The Kerner Commission in 1968 led with economic and education policies. On economic policy, the evidence is pretty clear that Keynesian demand-side policies that invest in human capital have worked better than supply side trickle-down economics focused on the top. People like Jared Bernstein have written books comparing those models. States like Kansas have tried the trickle-down model with disastrous results.
In education policy, the broad theme is to invest in schools, public school equity, teachers, and community schools, as opposed to supply-side privatization vouchers and charter schools.

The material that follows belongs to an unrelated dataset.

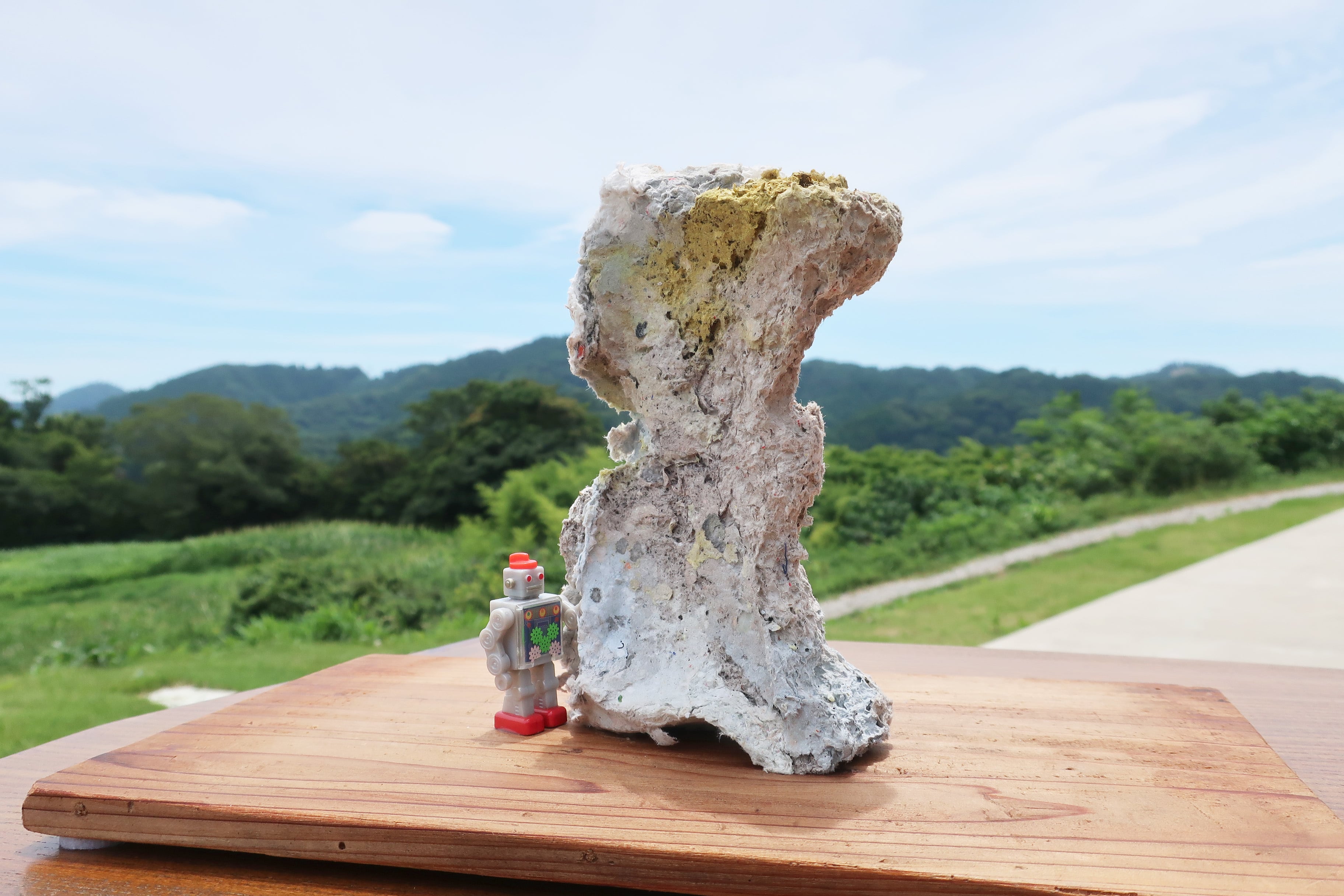 榎本大翔さん(https://www.instagram.com/enomotodaisuke/)の幼少期から紙に残してきたメモや落書き絵などを利用し作られた立体物“紙藝”。

Community-focused initiatives are important, and all of these ideas can build on each other. Community-based policing can stabilize neighborhoods to facilitate community-based banking. Community-based banking and investing money in neighborhoods can be connected with community housing and that housing can be linked to school integration and the building of that housing can generate well-planned jobs for people in the community. So, if you can combine these different policies in targeted locations, there’s plenty of evidence to show it works.
How do you think the original members of the commission would react to the progress, or lack thereof, over the last fifty years?
Not very well, that’s for sure. Most of the people on the original commission were privileged white men. You might not have expected a report like the one they created. But they managed to look at evidence and conclude that the protests of the ‘60s were not because of outside agitators, but from white racism. That was powerful. And the report sold two million paperback copies. Although the Kerner Commission proposed investing in human capital, nothing came of it. The Johnson administration was out of power in 1968, and the next administrations talked about the silent majority, called for a war on drugs, and argued for harsher criminal justice policies. I think the commission would be saddened by the direction we ended up going.